Your instructions: Reproduce the listing below exactly, except for its pictures.

Dataset entries:
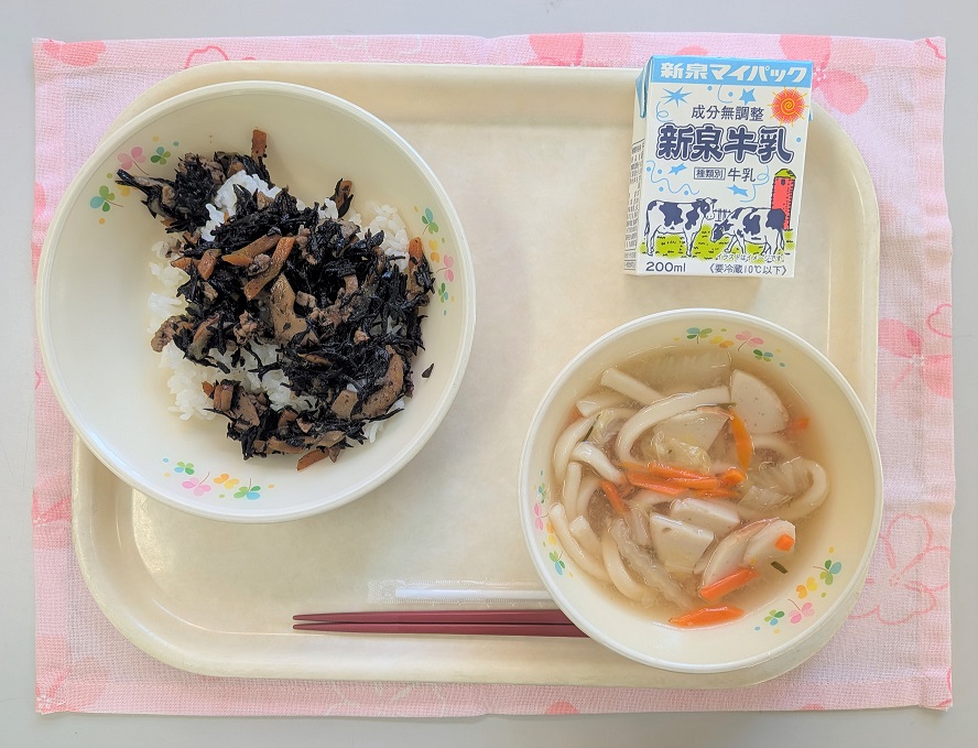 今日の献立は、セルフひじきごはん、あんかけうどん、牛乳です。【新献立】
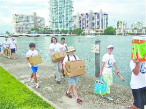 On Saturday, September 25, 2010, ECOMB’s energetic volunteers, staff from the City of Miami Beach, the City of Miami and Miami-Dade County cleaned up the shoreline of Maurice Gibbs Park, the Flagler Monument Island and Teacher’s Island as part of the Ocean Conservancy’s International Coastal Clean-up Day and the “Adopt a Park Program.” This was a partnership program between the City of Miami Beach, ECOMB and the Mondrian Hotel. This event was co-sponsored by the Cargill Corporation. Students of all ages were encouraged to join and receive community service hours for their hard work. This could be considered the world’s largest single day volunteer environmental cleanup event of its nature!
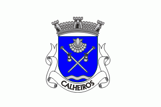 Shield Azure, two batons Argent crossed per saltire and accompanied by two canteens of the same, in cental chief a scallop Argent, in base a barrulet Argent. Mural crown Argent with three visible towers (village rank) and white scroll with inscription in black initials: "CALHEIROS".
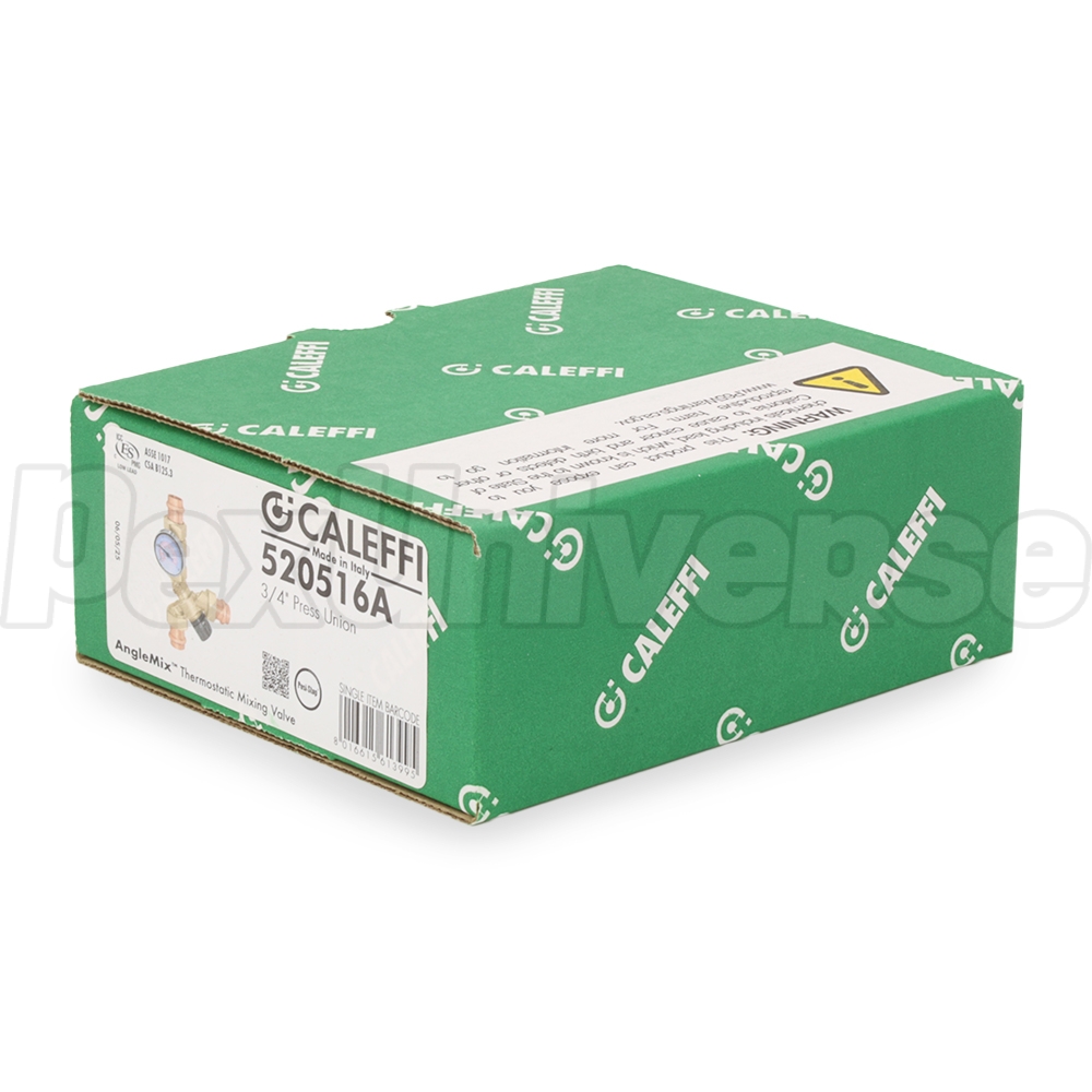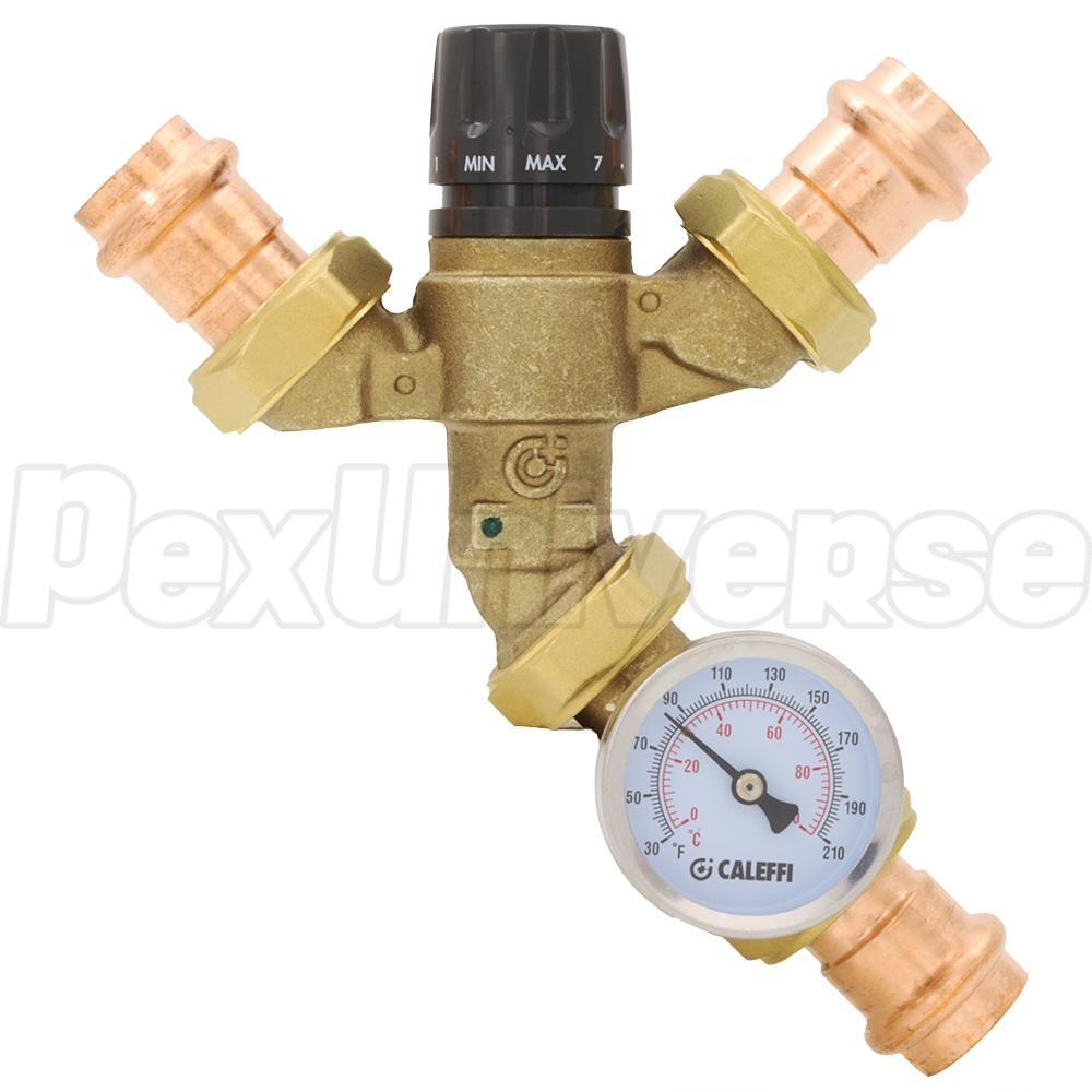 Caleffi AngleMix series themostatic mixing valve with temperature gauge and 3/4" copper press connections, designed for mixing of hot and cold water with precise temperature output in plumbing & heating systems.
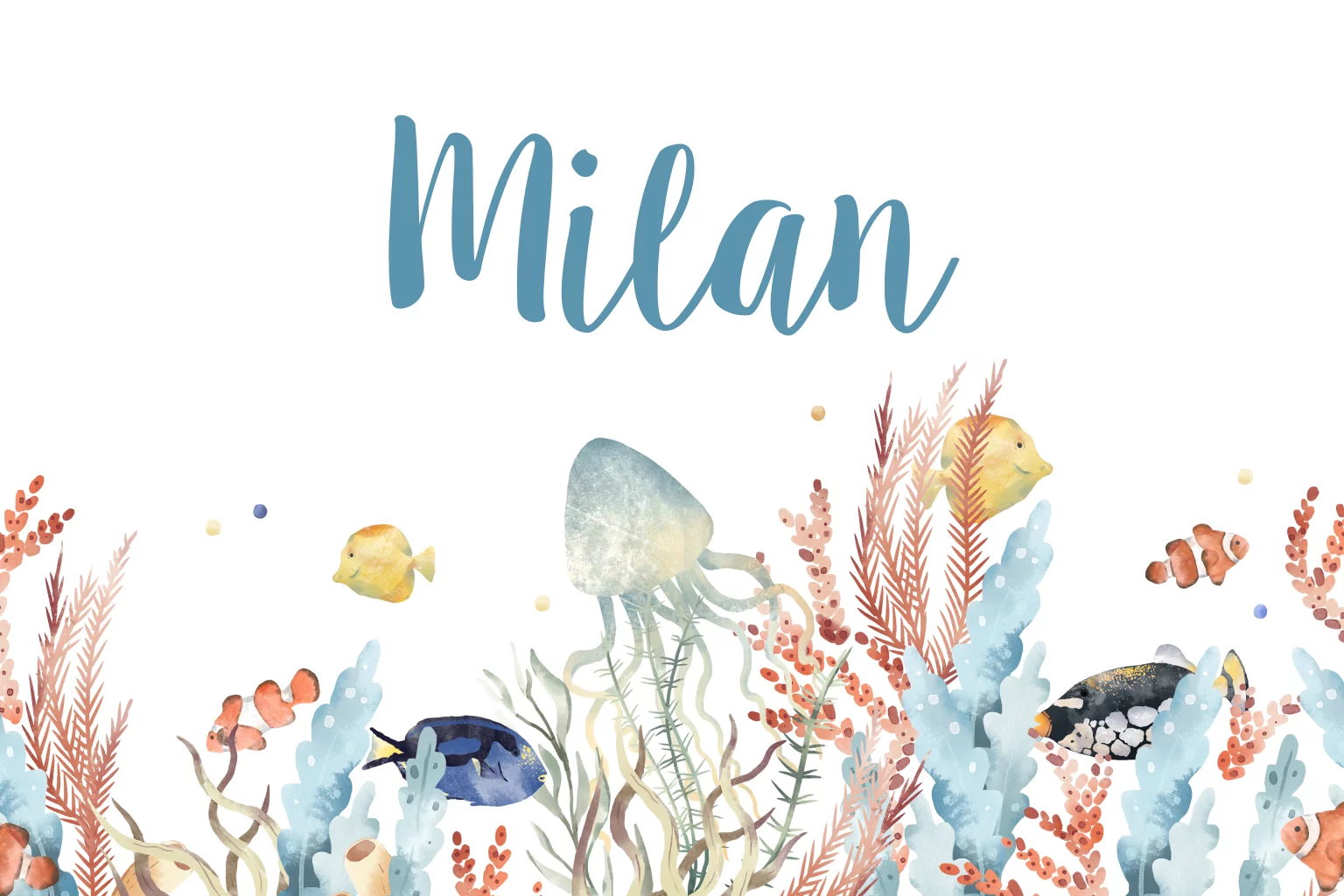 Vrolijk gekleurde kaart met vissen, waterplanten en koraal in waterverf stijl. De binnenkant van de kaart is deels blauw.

Answer to this exercise:
 今日の献立は、セルフひじきごはん、あんかけうどん、牛乳です。【新献立】
 On Saturday, September 25, 2010, ECOMB’s energetic volunteers, staff from the City of Miami Beach, the City of Miami and Miami-Dade County cleaned up the shoreline of Maurice Gibbs Park, the Flagler Monument Island and Teacher’s Island as part of the Ocean Conservancy’s International Coastal Clean-up Day and the “Adopt a Park Program.” This was a partnership program between the City of Miami Beach, ECOMB and the Mondrian Hotel. This event was co-sponsored by the Cargill Corporation. Students of all ages were encouraged to join and receive community service hours for their hard work. This could be considered the world’s largest single day volunteer environmental cleanup event of its nature!
 Shield Azure, two batons Argent crossed per saltire and accompanied by two canteens of the same, in cental chief a scallop Argent, in base a barrulet Argent. Mural crown Argent with three visible towers (village rank) and white scroll with inscription in black initials: "CALHEIROS".
 Caleffi AngleMix series themostatic mixing valve with temperature gauge and 3/4" copper press connections, designed for mixing of hot and cold water with precise temperature output in plumbing & heating systems.
 Vrolijk gekleurde kaart met vissen, waterplanten en koraal in waterverf stijl. De binnenkant van de kaart is deels blauw.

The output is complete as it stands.